What I hope to demonstrate later is that this awareness of union is not the naive misunderstanding of an undeveloped mind but an authentic participation in reality. Although the conscious mind will bring a recognition of the separation between entities, there remains an underlying unity. Christ is nothing less than the one in whom all things consist, according to the author of Colossians (1:17). And in union with him, we may once again partake of this wholeness, experiencing our completeness in him (2:10).

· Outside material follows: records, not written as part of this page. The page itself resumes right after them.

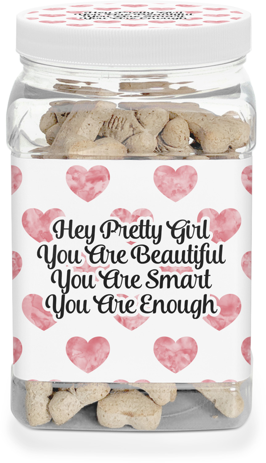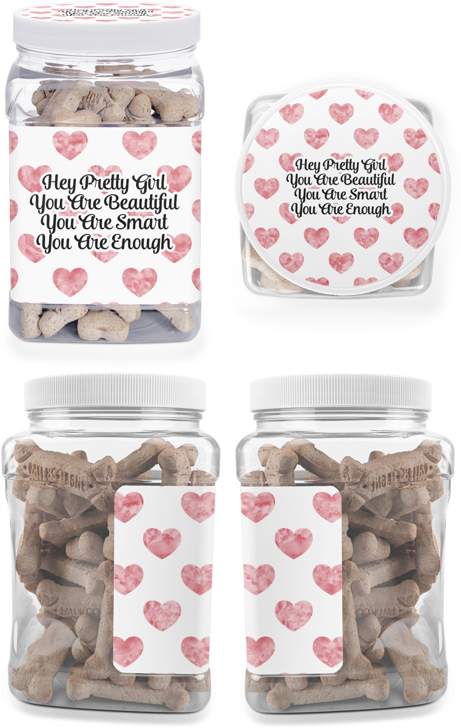 This half gallon jar, made from a sturdy plastic, is the perfect way to keep treats from any naughty pet paws, while still keeping them ready on hand for when your pup performs an impressive trick. This dog cookie jar features a screw-on, white lid that displays your personalized design on a vinyl sticker. We apply another customized sticker that wraps around the front and sides of the jar. Our dog treat jar also has indentations on the rear ends of the sides, which allows for convenient handling, and its square frame allows for easy storage.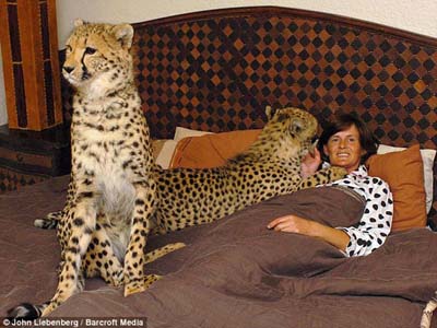 中新網(wǎng)7月3日電 據(jù)英國(guó)媒體報(bào)道,南非一名46歲女子在家中養(yǎng)了4只印度豹、5只獅子和2只老虎,她與它們同吃同住親密無(wú)間,甚至晚上睡覺時(shí)也同這些伙伴躺在一張床上。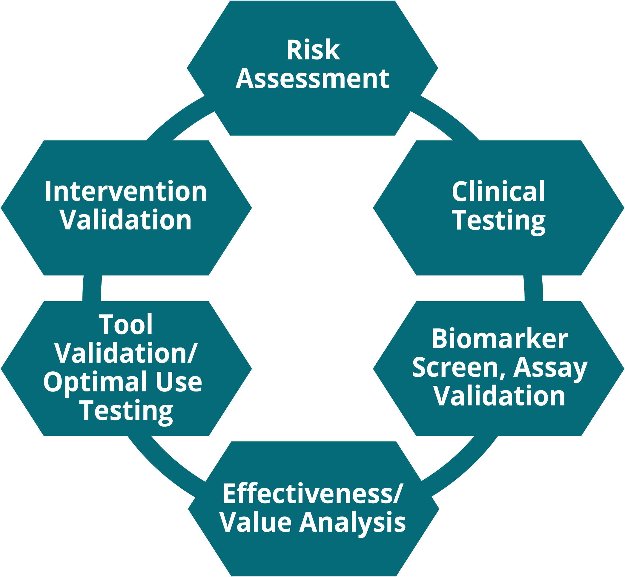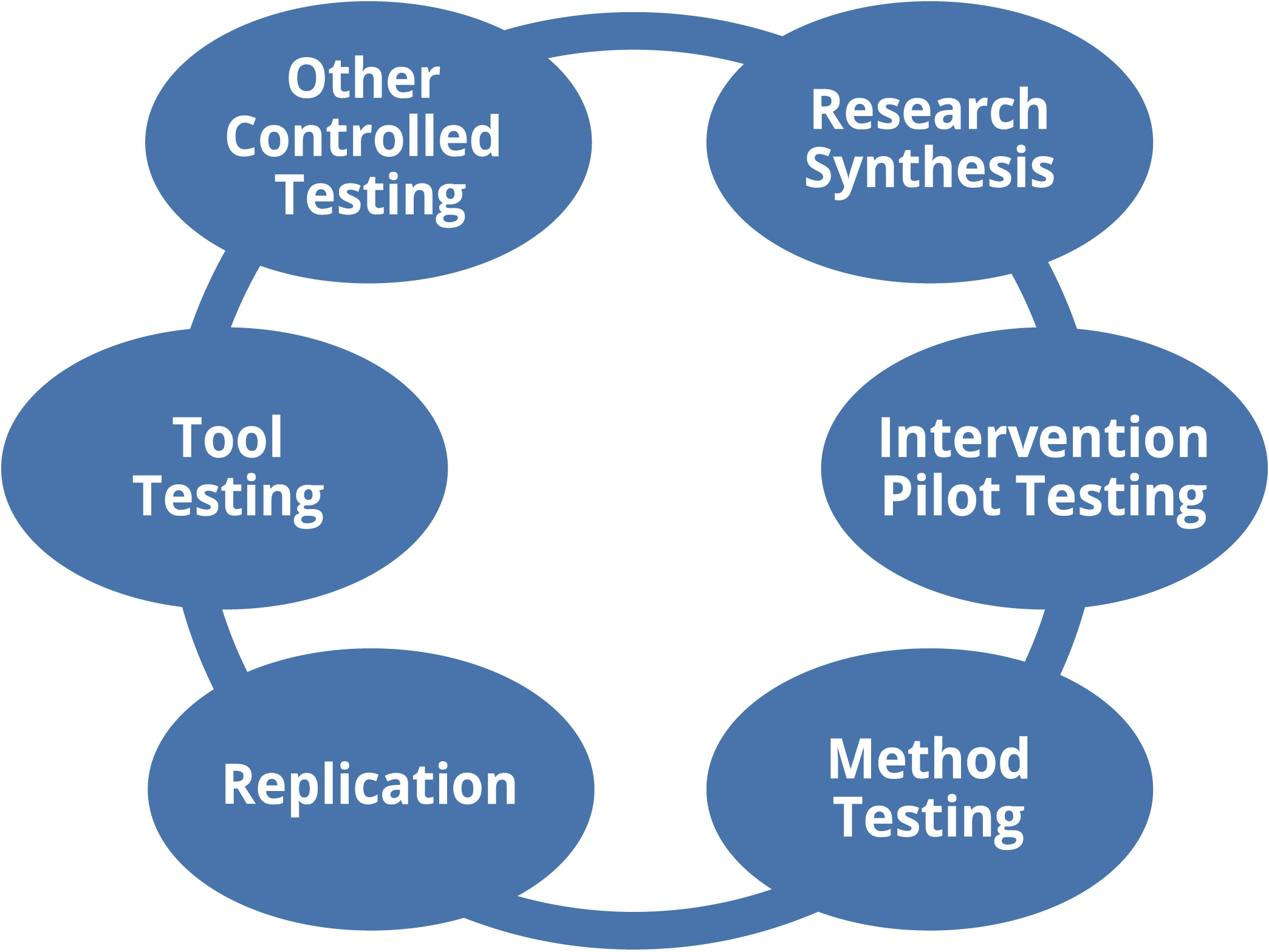 The implementation and adjustment category is about implementing hypotheses in real-world settings and adjusting the product (intervention, tool, method, treatment, etc.) to account for differences in different settings and populations. Examples include biomarker, screen, or assay validation, clinical testing, tool validation and use, and effectiveness testing. Much of the current work in dissemination and implementation science would fit within this ring.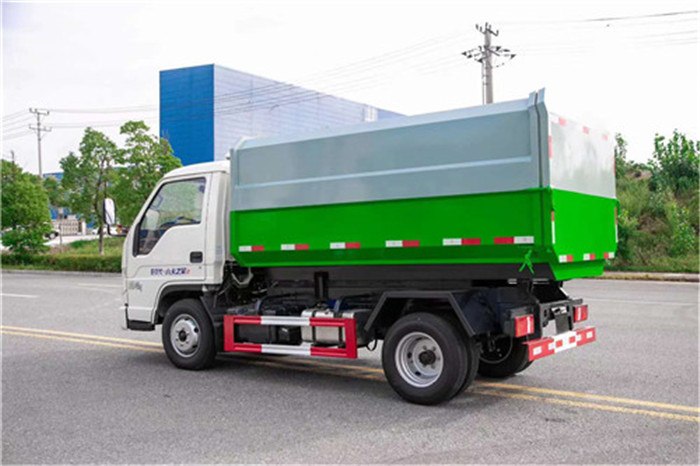國六福田時代小卡之星2柴油5方掛桶垃圾車整車型號CLW5041ZZZ6CD型自裝卸式垃圾車,底盤型號BJ1045V9JB3-55,總質量(Kg)4495,額定載質量(Kg)1765,整備質量(Kg)2600,駕駛室準乘人數(人)2,外形尺寸(mm)4815×1830×2300mm,燃料種類:柴油, 國六福田時代小卡之星2柴油5方掛桶垃圾車底盤采用福田時代小卡之星2車身、1580mm寬駕駛室,全柴95馬力(Q23-95C60)、單排前翻、5檔、6.00R16鋼絲胎、動轉、ABS、可調方向盤、電控熄火、巡航、可調大燈、剎車自調臂, 國六福田時代小卡之星2柴油5方掛桶垃圾車上裝配置:箱體采用邊三底三碳鋼板制作,箱體前部側面帶有掛桶提升機構,可自動舉升垃圾桶倒入垃圾,帶自卸功能,帶掛桶提升機翻蓋尾部裝有橡膠密封條,防污水滴漏,掛桶垃圾車可根據客戶要求搭配120升或240升塑膠桶。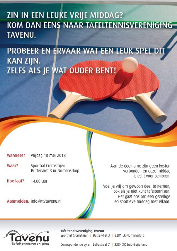 NUMANSDORP – Op vrijdag 18 mei organiseert TTV Tavenu van 14:00 – 15:30 uur een tafeltennismiddag voor senioren in Sporthal Cromstrijen te Numansdorp.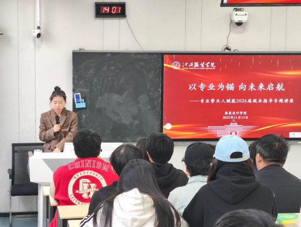 (437ccm必赢国际通讯员:钟怡婕)为扎实推进学院就业育人工作,帮助毕业生明晰行业趋势、破解求职难题,2025年11月13日下午,学院产品设计专业带头人、教研室主任徐淑波副教授,为2026届产品设计专业毕业生带来一场干货满满的就业指导专题讲座。讲座聚焦行业动态、人才需求与职业规划,以精准赋能为核心,为毕业生搭建起校园与职场的沟通桥梁。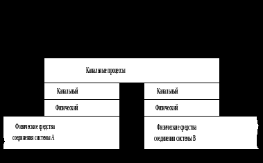 В соответствии с базовой эталонной моделью взаимодействия открытых систем мост описывается протоколами физического и канального уровней, над которыми располагаются канальные процессы. Мост опирается на пару связываемых им физических средств соединения, которые в этой модели представляют физические каналы. Мост преобразует физический (1A, 1B) и канальный (2A, 2B) уровни различных типов (рис. 9.4). Что касается канального процесса, то он объединяет разнотипные каналы передачи данных в один общий.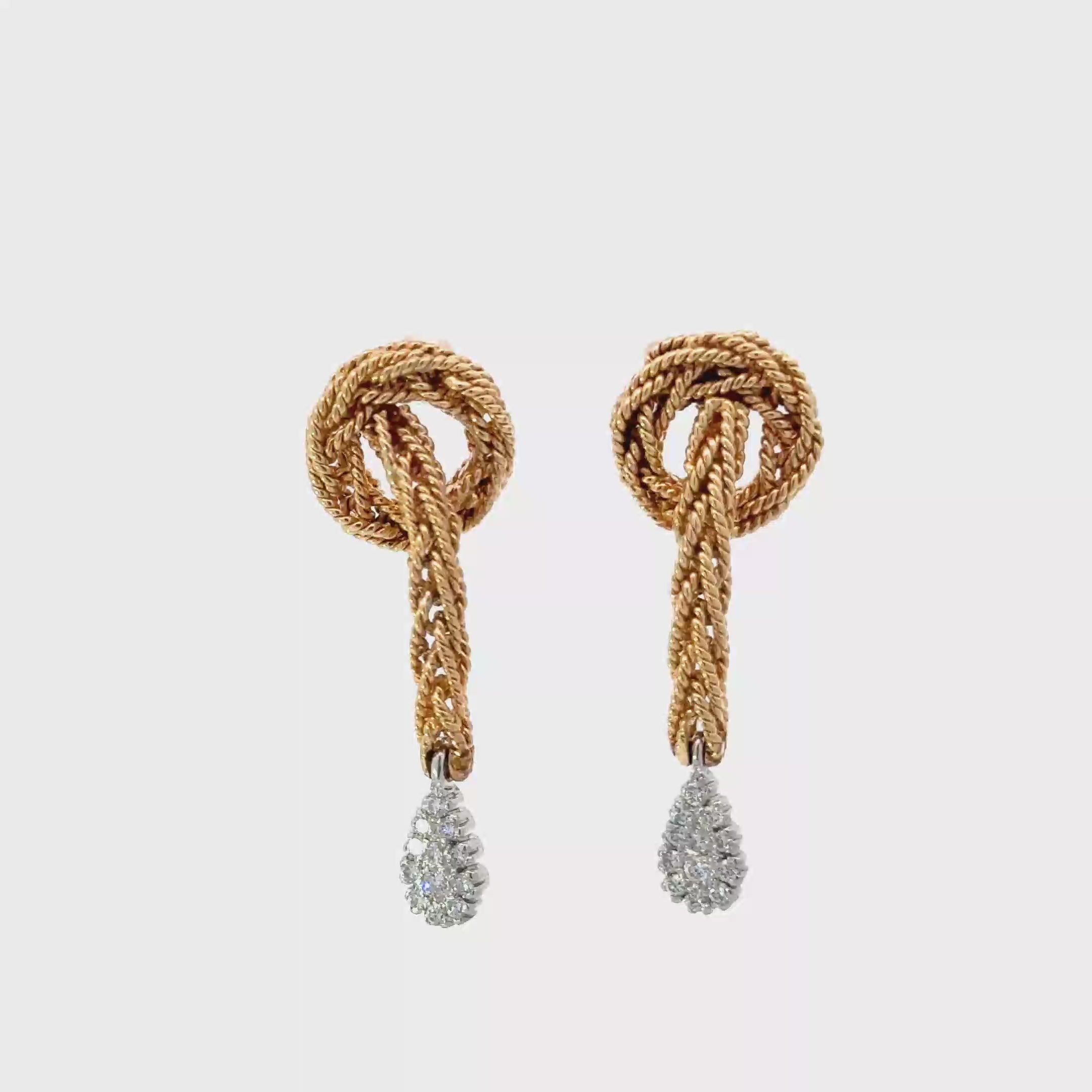 Discover the allure of these vintage stunning gold and diamond earrings, designed to elevate any outfit. The intricate woven knot gold design adds a touch of sophistication, while the sparkling diamond drops provide a dazzling finish. Perfect for both casual and formal occasions, these earrings are a must-have accessory for any jewelry lover.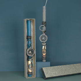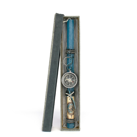 Γέραλης Χειροποίητη Λαμπάδα με Μπρελόκ Πυξίδα σε Υφασμάτινο Κουτί Μπλε κωδικός 24086B
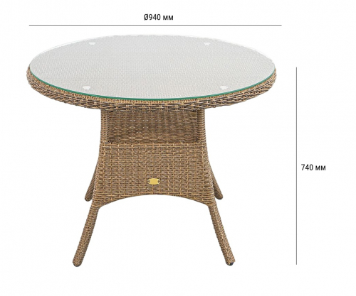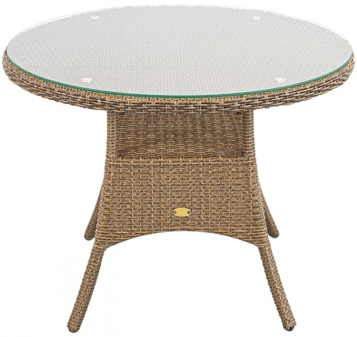 Стол Kipr круглой формы рассчитан на комфортное размещение четырех персон. Его прочная основа - цельносварной алюминиевый каркас с износостойким порошковым покрытием, дополненный долговечным плетением из искусственного ротанга. Практичная столешница из закаленного стекла легко вписывается в любой интерьер и неприхотлива в уходе.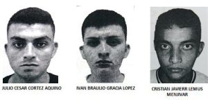 El Jefe de esta oficina Fiscal, Emilio Hidalgo, identifico a los imputados como: Cristian Javier Lemus Menjívar, alias “Oso”, de 23 años de edad, cuya función dentro de la pandilla es de Narcotraficante; Julio César Cortez Aquino, alias “Popeye”, de 24 años, e Iván Braulio García López, alias “Chilinco”, de 23 años, estos últimos con función de “Gatilleros”.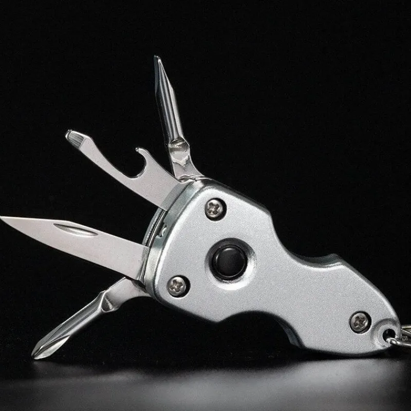 Mit seiner eleganten Edelstahlkonstruktion und praktischen Funktionalität ist der 6-in-1-Edelstahl-Adventure-Pro-Tool-Schlüsselanhänger ein unverzichtbares Accessoire für Outdoor-Enthusiasten oder alle, die den Komfort mehrerer Werkzeuge in einem kompakten Format suchen.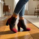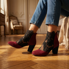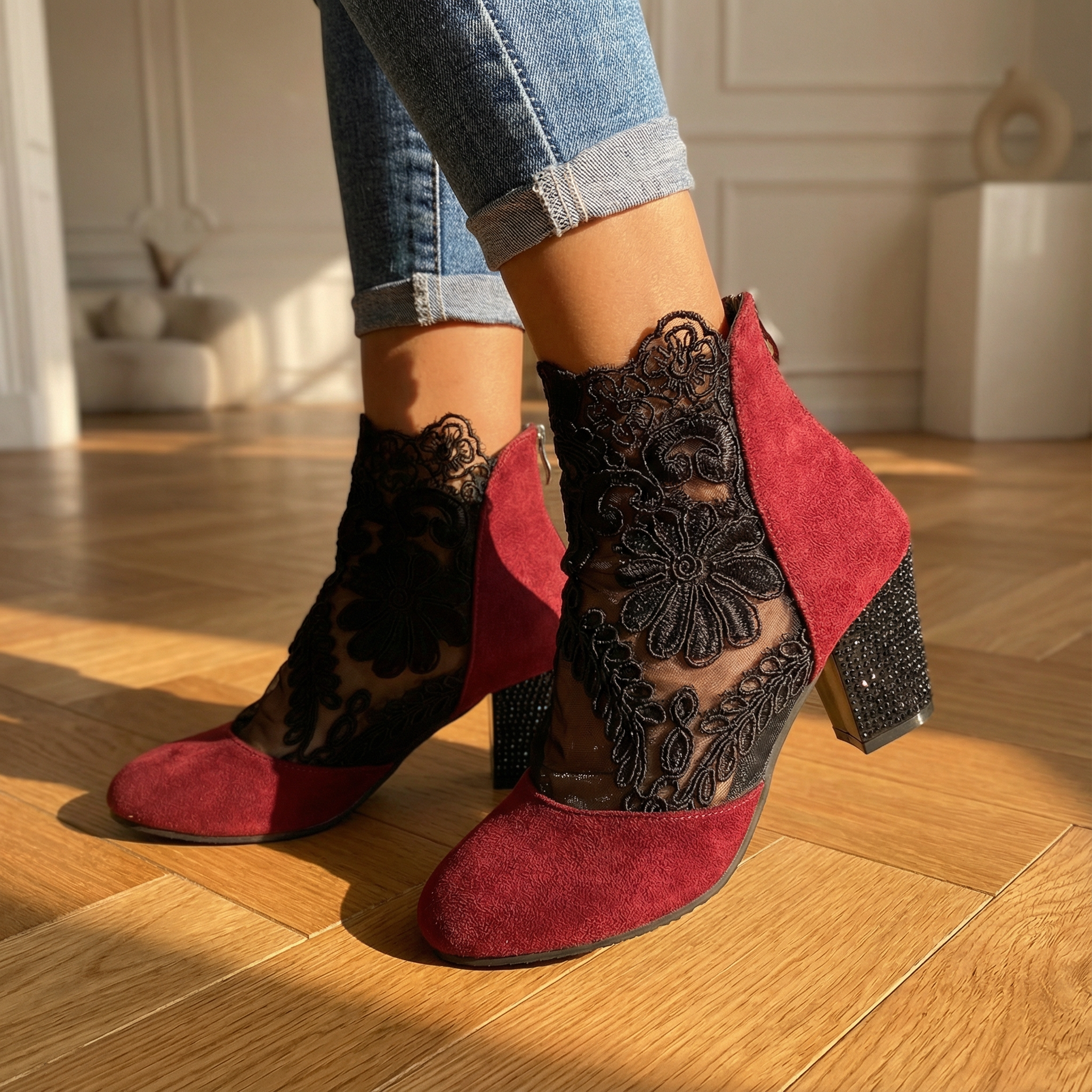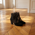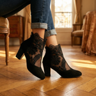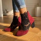 Women's ankle boots with floral lace mesh panels and faux suede trim. Features pointed toe, back zip closure, and chunky block heel with rhinestone embellishment. Breathable mesh upper with embroidered lace overlay. Cushioned insole for comfort. Heel height approximately 2.5 inches. A feminine statement boot for summer evenings, parties, date nights, or special occasions.
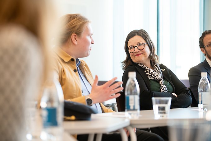 Utbildningsministern i samtal med studenter på masterprogrammet Politik, säkerhet och krig

Introduction to the Yahwist Creation Story
The stories in Genesis 2 and 3 are very much an exploration of human development, of the emergence of consciousness, and the complexities that make us human. As such these stories are the stories of every human being. It is your story. But there is also another level of meaning - the development of human consciousness as an archetypal memory. An archetype is a way of representing all in one, and so Adam and Eve become the personified representatives of every man and woman.
We’ll explore these Genesis narratives with this perspective - witnessing the unfolding of human consciousness. Compared to the myths we looked at before, we’ll witness a definite progression in the narrative. The text is much more aware of the movements and processes that make us human. It has also removed some of the more fantastic heavenly adventures and elaborated the more grounded, earthly processes.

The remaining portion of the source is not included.